The engineer/engineers who pulled this off were pretty slick. I don't condone the cheat, but I am still trying to figure out how they turned on specific emmissions devises, or fooled with pulse cycles, etc.
I have a weird feeling it wasn't fool proof, and they're a bunch of VW owners who failed smog? They brought the auto back, or to a different shop and the code somehow turned on the right components, leaned out injectors, etc? The problem is the customer had to pay for this slick trick.
These smog tests are not cheap in my neck of the woods. Every two years, I end up paying close to $100. They always try to nail me with the "leaky" fuel cap. I just keep a new one in the back storage area, and bring it out at the right time. I'm an ex-mechanic so my vechicle always pass the emmission test, but boy, I have had problems with the visual test.
While I'm here, some of us drive older cars, for a long time. Smog shops in California are required to have one copy of an Emissions Publication. Most use use Motor Publications. That manual is filled with errors. It's is the cheapest emmission manual on the market.
If you happen to fail a visual smog test, go to a smog shop that has access to Mitchell Emission Smog manuals(OnDemand5).
I have yet to find an error in Mitchell manuals.

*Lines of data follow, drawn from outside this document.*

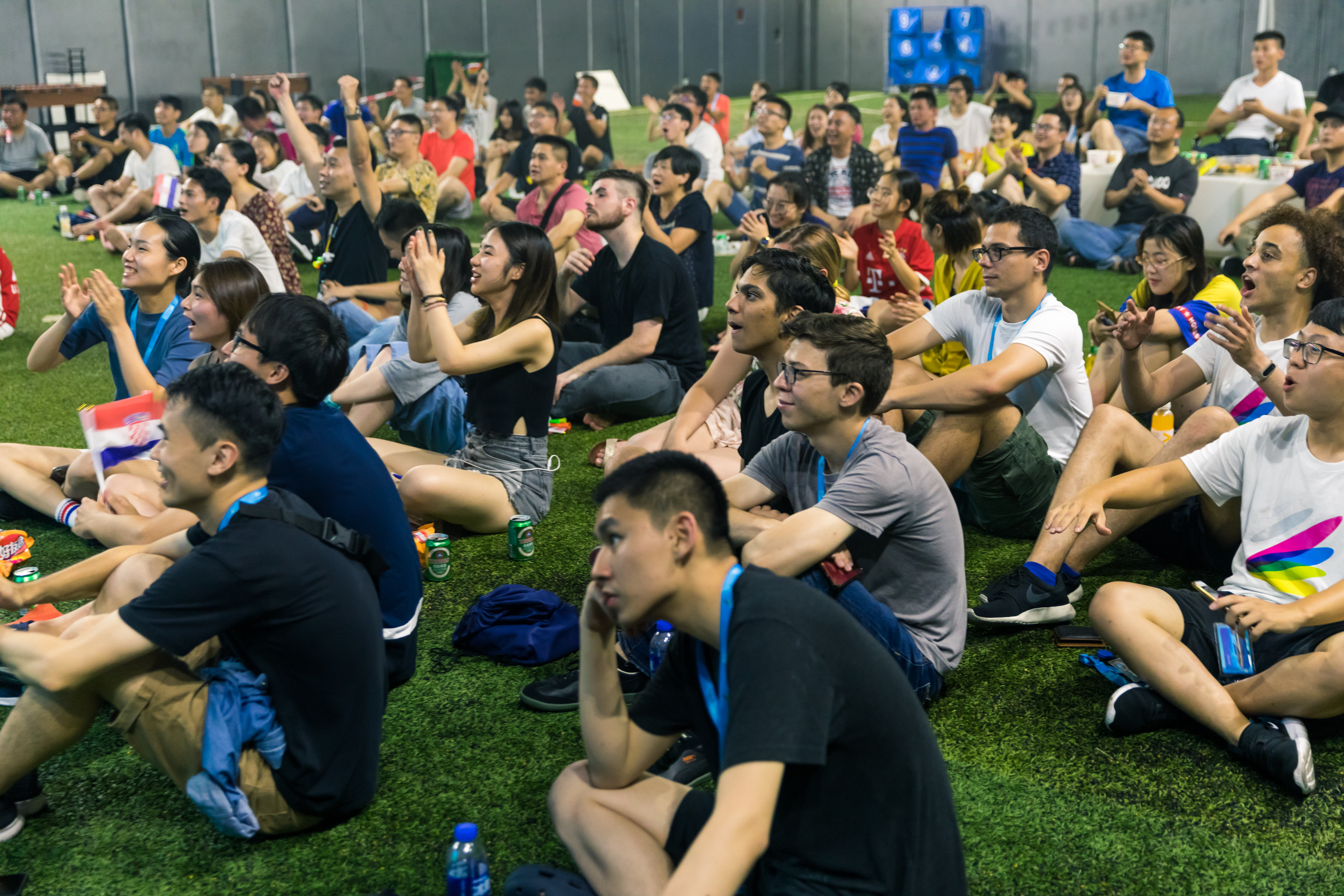 网龙员工与国际实习生在绿茵场上观看世界杯决赛直播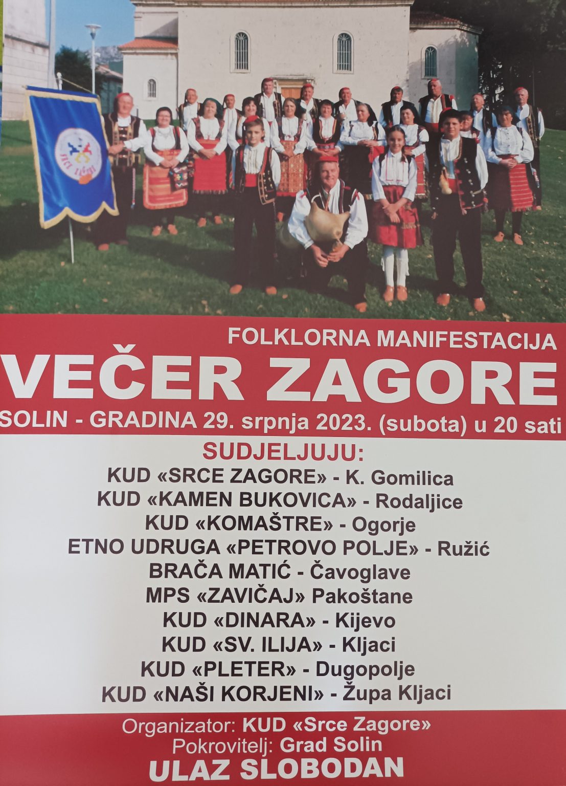 U subotu, 29. srpnja 2023.  godine s početkom u 20:00 sati u organizaciji KUD-a “Srce Zagore” održat će se tradicionalna folklorna manifestacija Večer Zagore u Gradini pod pokroviteljstvom grada Solina na kojoj će nastupiti desetak KUDova iz susjednih gradova i općina.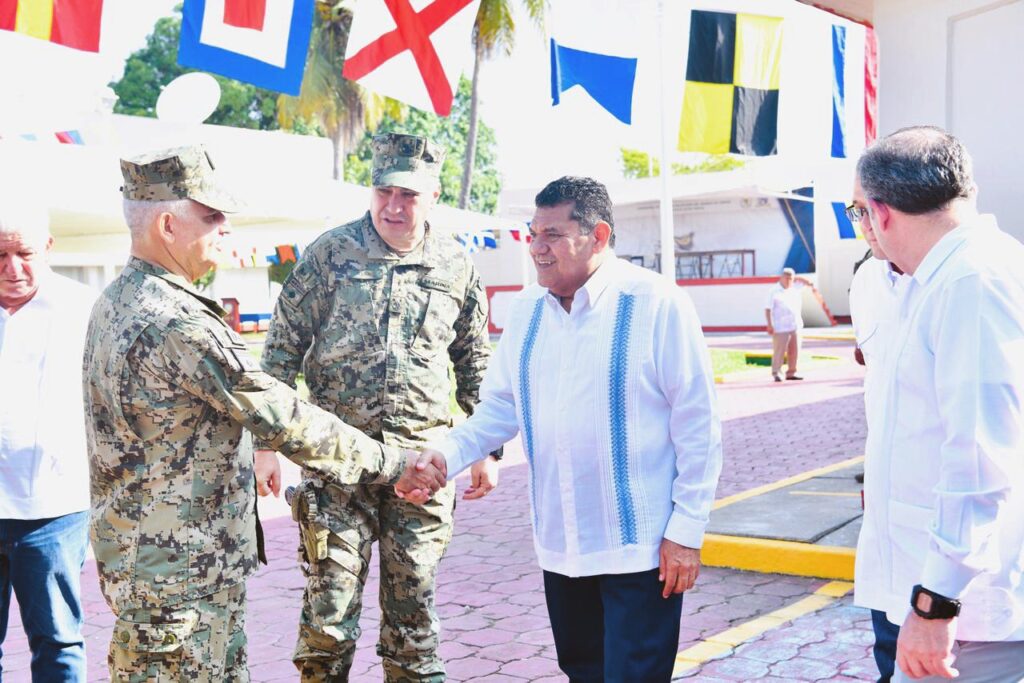 El gobernador Javier May Rodríguez atestiguó la ceremonia de entrega-recepción del Mando de Armas de la Quinta Zona Naval, donde asumió el cargo el vicealmirante Rogelio Bello Aguilar, en sustitución de José Méndez Vázquez, quién causó alta como jefe de la Unidad de Capitanías de Puerto y Asuntos Marítimos de la Secretaría de Marina.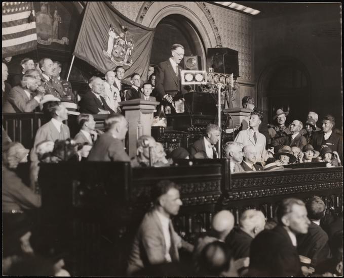 [Al Smith giving his speech of acceptance of the presidential nomination.]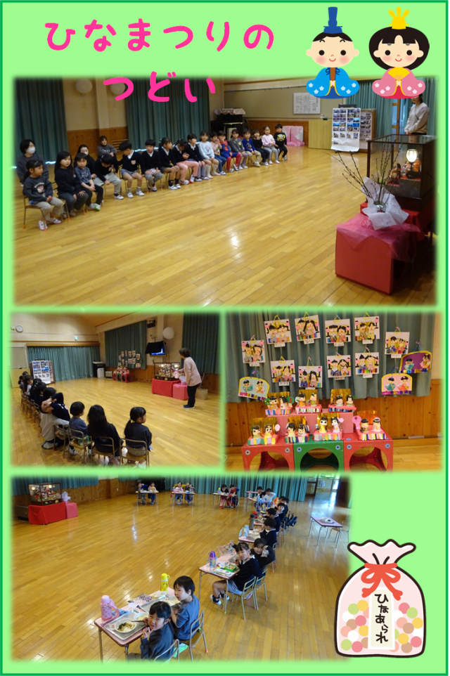 つどいの後は、お雛様と西幼稚園のみんなでホールで給食をたべました。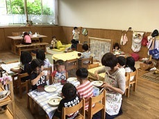 自園では園での昼食を給食とは言わず、お食事と言っています。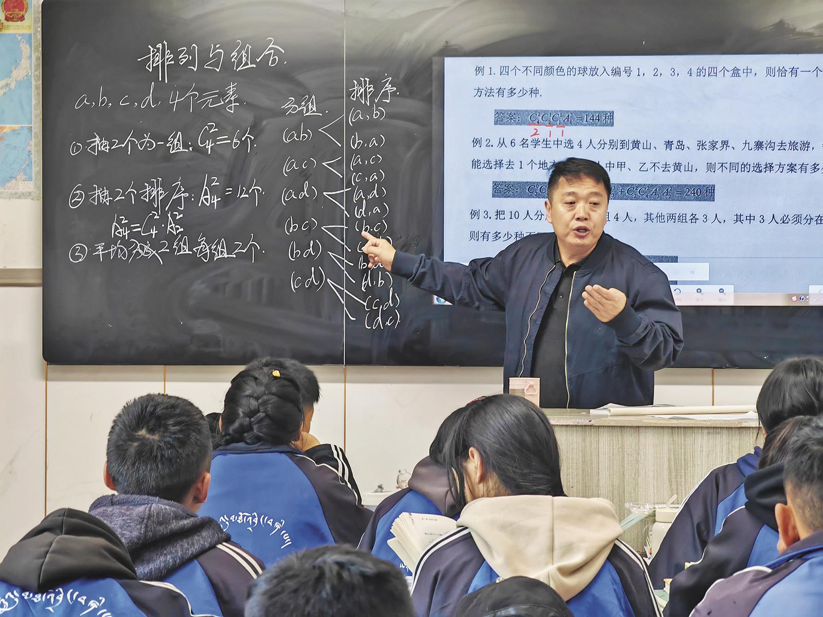 2023年5月,孫鳳軍主動請纓踏上海拔4000米的玉樹高原,展開自己的援青支教生涯。初到玉樹州第四民族高級中學(xué),孫鳳軍直觀感受到,北京援建的校舍靜美安然、教育硬件資源與其他省市差距不大,但軟件資源相對薄弱單一,學(xué)生手中只有“人教版”的數(shù)學(xué)課本,對高中數(shù)學(xué)知識的掌握程度停留在基礎(chǔ)層面,題型見得少、解題思維僵化,高考平均數(shù)學(xué)成績長年徘徊在及格線以下。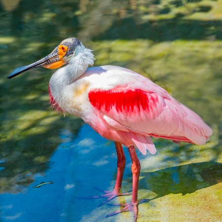 Colorful Roseate Spoonbill Ibis from South America portrait, closeup, details

(The only reason so many smog shops only buy the Motor publications is because they are cheap. Any Smog technician will tell you they have found multiple errors in Motor Emission Publications. Vechicle owners don't have a clue to this problem, and are just sent home with a failed Smog test, or end up spending a day taking to CARB--just praying they will get an exemption. All of this is due to errors in Motor Emission Publications.)